BiSHop
An end-to-end framework for deep tabular learning which leverages a sparse Hopfield model with adaptable sparsity, enhanced by column-wise and row-wise modules.
Functions
class NumEmb(torch.nn.Module)
Numerical embedding layer for tabular data using quantile-based binning.
Parameters:
n_num (int) - Number of numerical features.
emb_dim (int) - Embedding dimension (number of bins).
Methods:
get_bins(self, data, identifier=’num’) - Compute quantile bins from data.
forward(self, x) - Forward pass through numerical embedding.

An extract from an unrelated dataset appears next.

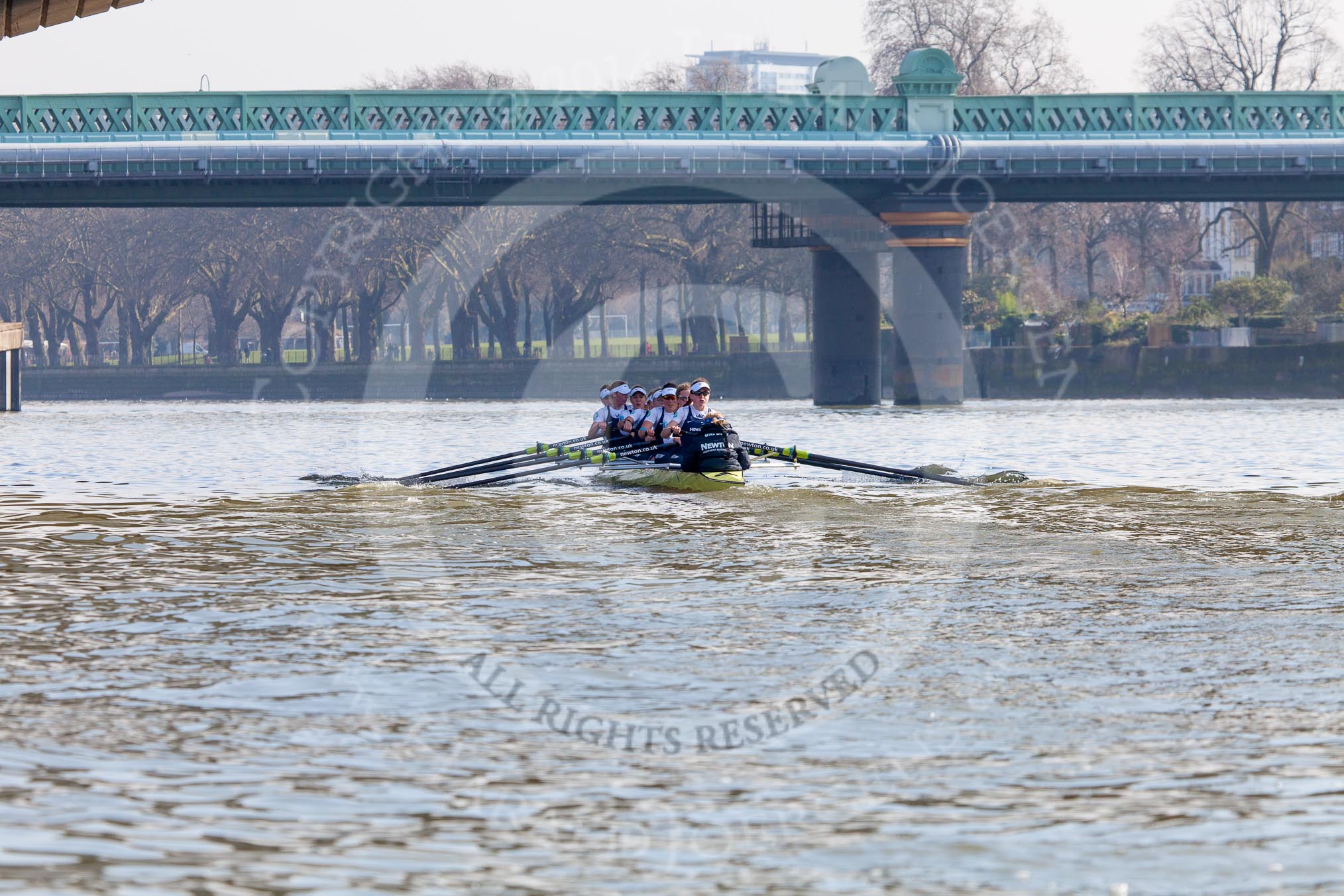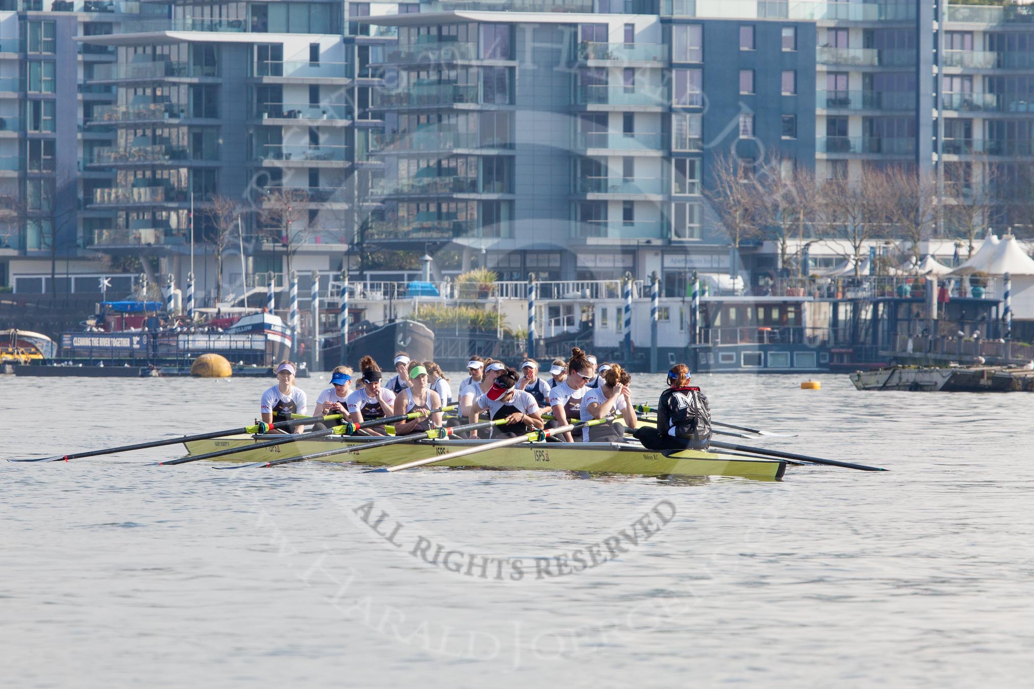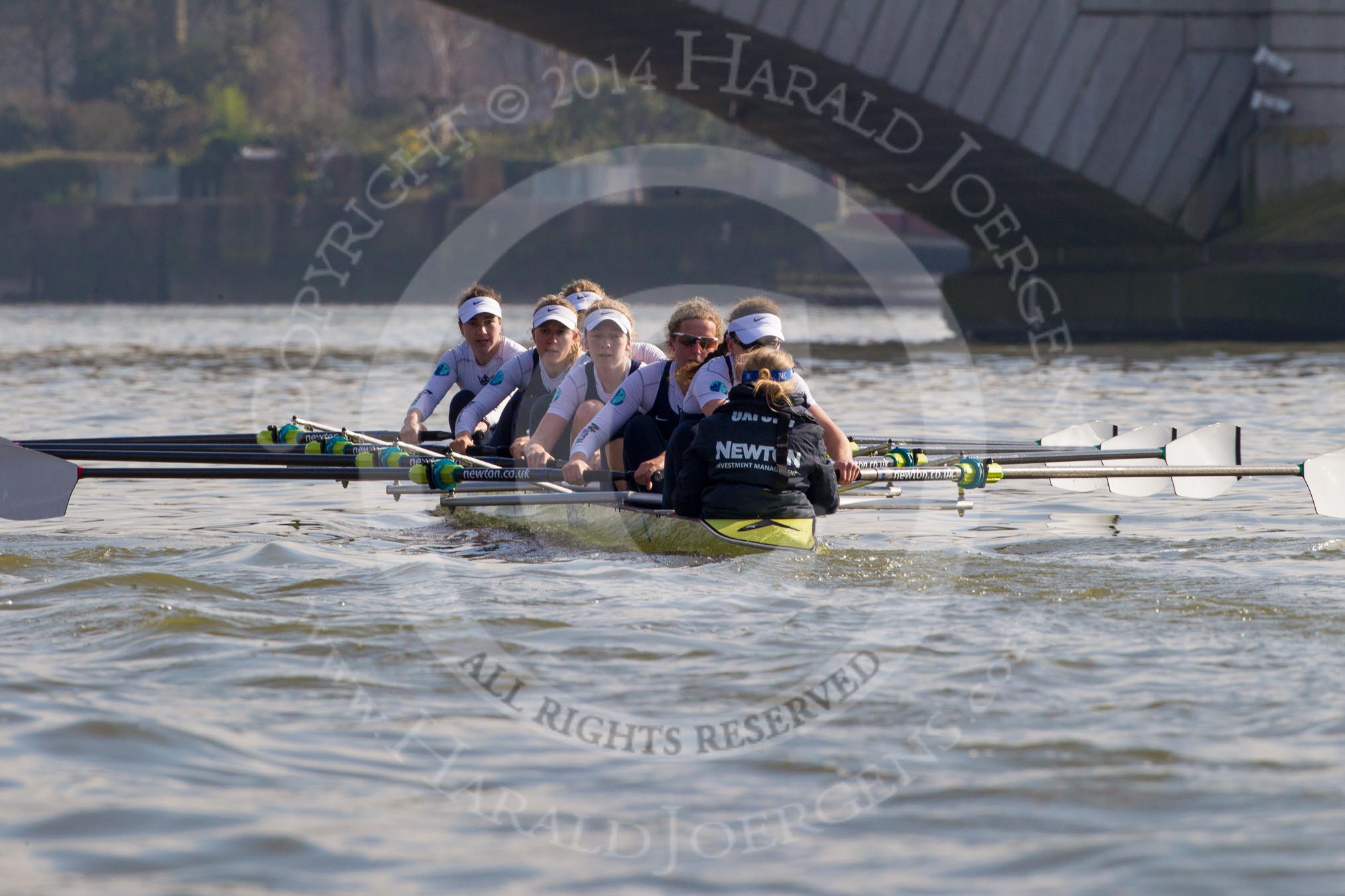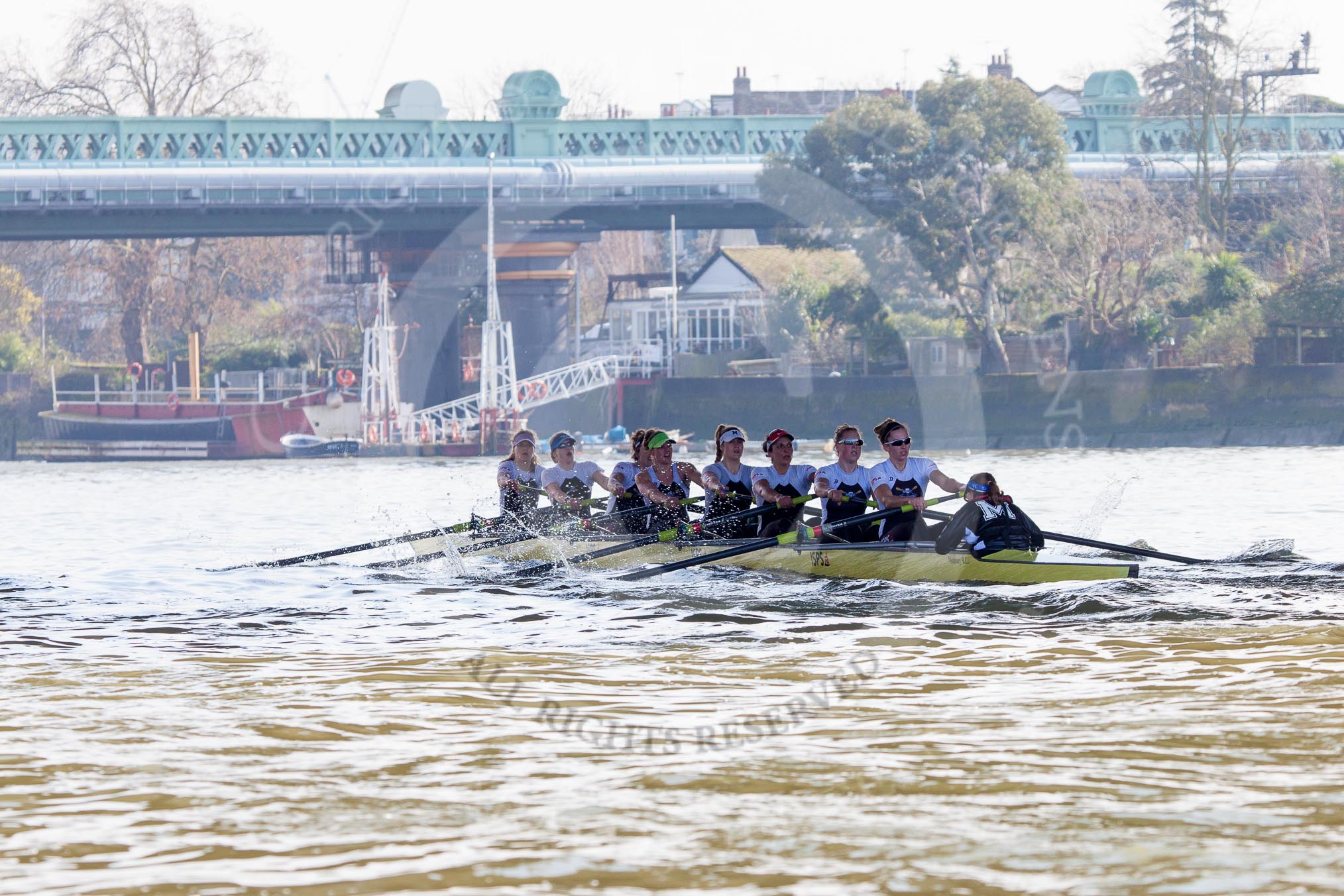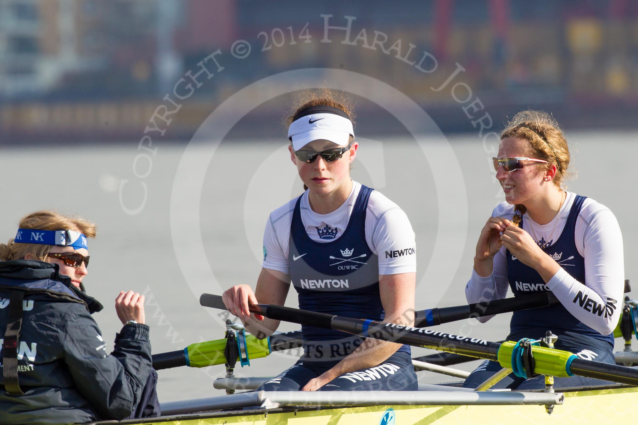 The Boat Race season 2014 - fixture OUWBC vs Molesey BC: The OUWBC Eight: Cox Erin Wysocki-Jones, stroke Laura Savarese and 7 Anastasia Chitty..

_to(self, device) - Move model to specified device.
Input Shape:
(batch_size, n_num)
Output Shape:
(batch_size, n_num, emb_dim)
class FullEmbDropout(torch.nn.Module)
Full embedding dropout layer.
Parameters:
dropout (float, optional, Default is 0.1) - Dropout rate.
Input:
X (torch.Tensor) - Input tensor.
Output:
torch.Tensor - Tensor with dropout applied.
def _trunc_normal_(x, mean=0., std=1.)
Truncated normal initialization approximation.
Parameters:
x (Tensor) - Tensor to initialize.
mean (float, optional, Default is 0.) - Mean of normal distribution.
std (float, optional, Default is 1.) - Standard deviation.
Returns:
Tensor - Initialized tensor.
class _Embedding(torch.nn.Embedding)
Embedding layer with truncated normal initialization.
Parameters:
ni (int) - Number of input features.
nf (int) - Number of output features.
std (float, optional, Default is 0.01) - Standard deviation for initialization.
class CatEmb(torch.nn.Module)
Categorical embedding layer with sharing options.
Parameters:
n_cat (int) - Number of categorical features.
emb_dim (int) - Embedding dimension.
n_class (list) - List of number of classes for each categorical feature.
share (bool, optional, Default is True) - Whether to share embeddings.
share_add (bool, optional, Default is False) - Whether to add shared embeddings.
share_div (int, optional, Default is 8) - Division factor for shared embeddings.
full_dropout (bool, optional, Default is False) - Whether to use full dropout.
emb_dropout (float, optional, Default is 0.1) - Embedding dropout rate.
Input:
x (torch.Tensor) - Categorical feature tensor.
Output:
torch.Tensor - Embedded categorical features.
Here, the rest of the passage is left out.